The logical next step would be to consider a study where we went into classrooms and asked students to vote. In this case we not only do not know how many men and women there will be, nor the number of For and Against votes, but we don't even know the total sample size.

It may be possible to generate random samples with this design, but I have not figured out how to do it. I would first have to draw a random sample size, then repeated the calculations in the previous section, then draw another random sample size, and so on. I seriously doubt that it is worth the computational time needed to carry out this process. I suppose that it could be done, but I'm not going to do it.

Conclusion

In many situations the above procedures might be considered overkill.
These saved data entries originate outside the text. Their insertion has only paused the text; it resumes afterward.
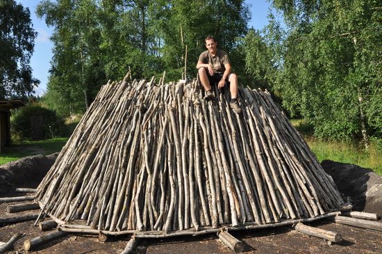 Bis es aber so weit war, mussten wir noch ein paar Kilometer pedalen und da kamen wir auch noch an einem vorbereiteten Köhler vorbei. Hier wird durch eine lange und aufwendige Prozedur Kohle gewonnen.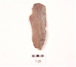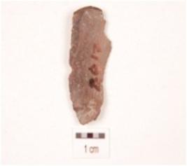 | Description / विवरण | A chert blade, triangular in cross section, prepared platform, diffused bulb on ventral side and use-wear marks along the cutting edges. |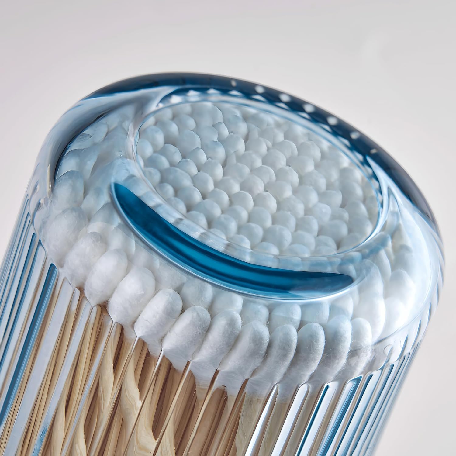 - DURABLE:Made from premium glass, this bathroom qtip dispenser feels smooth to the touch and is sturdy. The vertical design offers just the right level of transparency,easy to see what's inside while does not lose the mystery,express your unique taste.

When we have large expected frequencies in all of the cells, the Pearson chi-square test is quite appropriate. The difference in probability values between that statistic and the ones given here will be small. However when we have one or more small expected frequencies things start to fall apart. Campbell (2007) in an extensive study of 2 × 2 tables, concluded that Fisher's Exact Test works well enough when we have small expected frequencies. He also concluded that a modified Pearson's chi-square [χ2(N/(N-1))] is satisfactory when the smallest expected frequency is greater than 1 for 2 × 2 tables. (I believe that this adjustment can be attributed to Karl Pearson's son Egon, who was also a noted statistician.) However there is no reason why we need to be satisfied with "well enough" when we have a more appropriate solution via randomization tests.


Campbell, I. (2007). Chi-squared and Fisher-Irwin tests of two-by-two tables with small sample recommendations. Statistical in Medicine, 26, 3661-3675.

Fisher, R. A. (1935). The Design of Experiments. Edinburgh, Oliver and Boyd.

Howell, D. C. ,(2010). Chi-square test: Analysis of contingency tables. In Lovric, M. (2011). International Encyclopedia of Statistical Science, Springer-Verlag, Berlin.

Yates, F. (1934). Contingency tables involving small numbers and the χ2 test. Journal of the Royal Statistical Society Supplement 1:217-235.